The Cordillera Central is the highest and most formidable of the Andean ranges in Colombia, with several peaks rising above the snow line. Pico Cristobal Colon, in the extreme north, is the highest peak at 5,776 meters and among the number of active volcanoes the highest is Tolima, at 5,215 meters; it last erupted in 1829. In the extreme north, in the Sierra Nevada de Santa Marta, the Cordillera Central rise again above the snow line with the strong relief characteristic of the high Andes. This range, which is approximately 40 miles wide, has many small, populated valleys at different altitudes; taken as a whole, however, the range is only sparsely inhabited.
The Cordillera Occidental is much lower and narrower.
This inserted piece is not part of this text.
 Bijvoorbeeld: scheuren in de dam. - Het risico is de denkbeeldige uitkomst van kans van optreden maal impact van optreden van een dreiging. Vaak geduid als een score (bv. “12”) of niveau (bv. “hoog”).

It highest peak is only about 10,000 feet. Even in its high southern part, it has convenient passes. The range decends gently into the Caribbean coastal plain, where it becomes partly sumerged under thick beds of sediment deposited by the rivers draining the Colombian Andes. A deep and mostly narrow valley, drained by the river Cauca, runs between the Occidental and Central ranges. Like the Cordillera Central, the Occidental has only small valleys, in which most of the population lives. The Cauca and some adjoining valleys constitute one of the most densely inhabited parts of the country, with two of Colombia's four largest conurbations, Medellin and Cali.
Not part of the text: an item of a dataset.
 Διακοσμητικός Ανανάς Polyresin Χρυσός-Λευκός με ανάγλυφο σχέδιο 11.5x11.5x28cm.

The extensive lowlands of the east, which cover nearly two-thirds of Colombia, belong to two large drainage basins, that of the Orinoco river in the north and the Amazon river in the south, and to two natural landscape regions, the Llanos in the north and the Selvas in the south. The westernmost fringes and some outlying spurs of the Guiana Highlands and of the Andes extend into the eastern lowlands. This give the vast undulating plain most of its topographical variety and its elevated areas, which rise well above the wide floodplains of the great rivers that cross it. The rivers are a dominant feature of both the physical and human landscapes of the region. Almost the entire population of the lowlands is settled on or near river banks. Rivers, some of which are navigable up to the eastern foot of the Andes, provide the main, if not the only, access to most parts of the lowlands.